Does a TEE like Fortanix's protect against training data poisoning?
No. A TEE attests that the computation inside the enclave ran correctly on verified hardware with verified software, it does not verify the integrity of the inputs before they cross the enclave boundary. If a training dataset is poisoned or modified upstream of the TEE, the enclave will faithfully process the corrupted data and produce a clean attestation. Protecting against training data poisoning requires provenance verification at the storage layer, before ingestion, which is what Akave's CID-at-write-time architecture provides.
How does Akave's CID-based provenance work in an AI pipeline?
Akave Cloud assigns a content identifier (CID), a cryptographic hash of the object's exact content, to every dataset, checkpoint, or file at the moment it is written. That CID is anchored to an on-chain audit trail on Avalanche's L1 infrastructure. When a governance team approves a dataset version, its CID captures the approved state. Before ingestion into a training or inference pipeline, a CID comparison confirms the file matches the approved version, without relying on application logs or anyone's attestation about what happened in between.
Can Akave integrate with Fortanix's Confidential AI platform?
Akave exposes a fully S3-compatible API, which means it integrates with any pipeline that reads and writes data through configurable S3 endpoints. Practically, Akave handles the data provenance layer upstream of the TEE boundary, CID verification happens before the dataset crosses into the enclave. This does not require changes to the Fortanix architecture; it's a data-layer addition at the ingestion step. We see this as a clear partnership opportunity and are actively engaging with teams building on both platforms.
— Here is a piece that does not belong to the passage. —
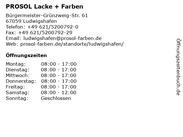 | Öffnungszeiten PROSOL Lacke + Farben in Ludwigshafen anzeigen | |
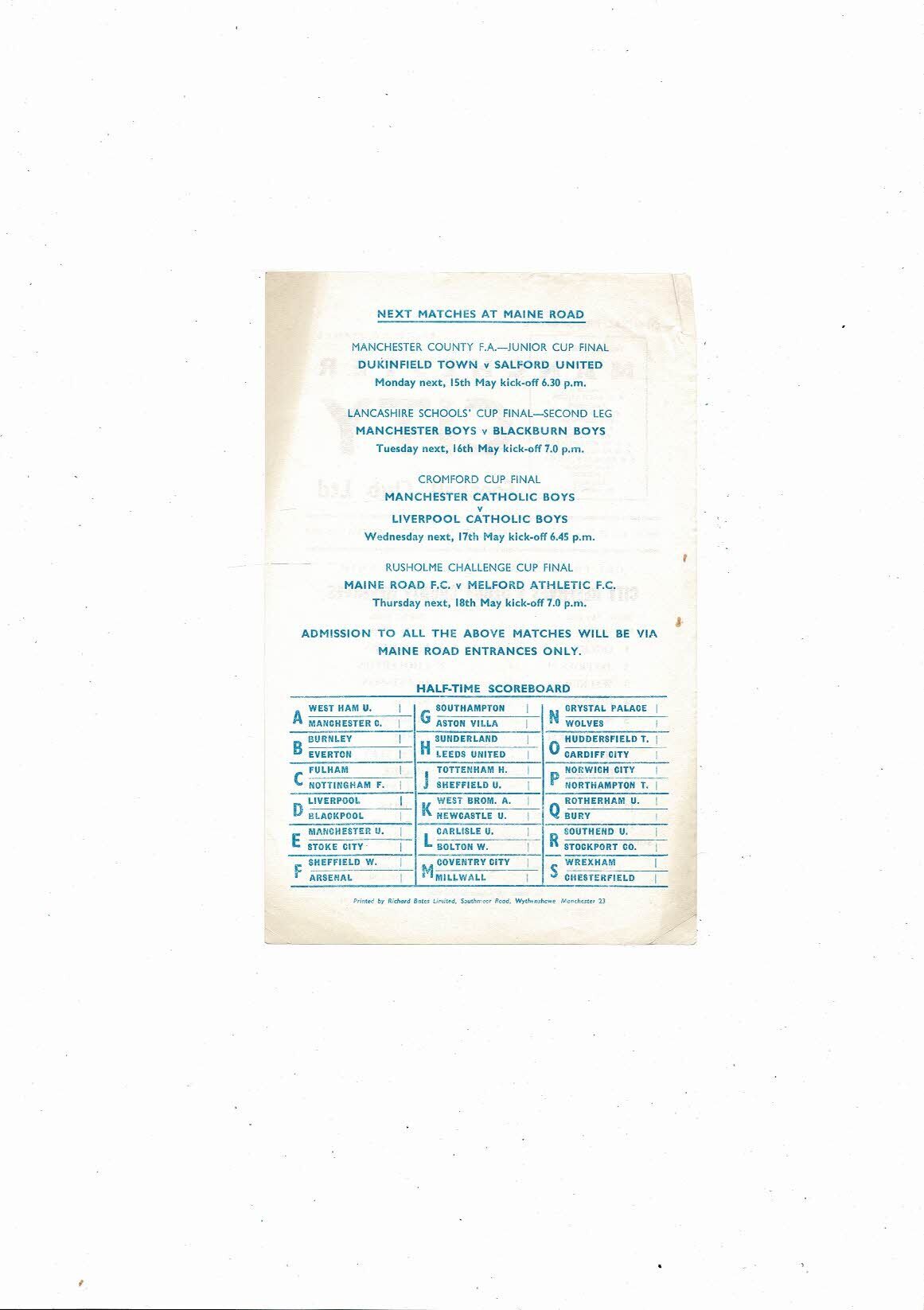 This Original Single Sheet Football Programme is creased also has a fold with some staining. No handwriting. Please see scans

Isn't training data integrity already covered by data versioning tools like DVC or MLflow?
Data versioning tools provide lineage tracking within the application layer, they record what version of a dataset a run used, based on what the pipeline reported. That's genuinely useful for reproducibility. It does not provide an independent, tamper-evident proof that the dataset version used matches the version that was approved for use. A DVC record is written by the application and stored in application infrastructure. Akave's CID is written at the storage layer and anchored on-chain, independent of the application. The distinction is the same as the one between observability and accountability in AI agent systems: one records what the system said it did, the other proves it.
If we already have a TEE from Fortanix and HSM-based key management, why is additional storage verification needed?
Because HSM-gated key release verifies that the environment requesting the decryption key is legitimate, that the hardware is genuine and the software stack is attested. It does not verify that the data being decrypted is the version your governance function approved. Two things can both be true: the environment is legitimate, and the dataset was modified between governance sign-off and ingestion. Key management and data provenance solve different problems. You need both for a complete AI factory trust model.
What regulatory frameworks require data provenance in addition to confidential compute?
The EU AI Act requires providers of high-risk AI systems to maintain data governance documentation demonstrating that training data was appropriate, traceable, and subject to access controls, which requires provenance evidence beyond compute attestation. India's DPDP Act focuses on data handling and consent, not just processing security. The NIST AI Risk Management Framework emphasizes traceability of data throughout the AI lifecycle. In each case, "we used a TEE" addresses the compute side; proving the data was authoritative and unmodified is a separate, explicitly required demonstration.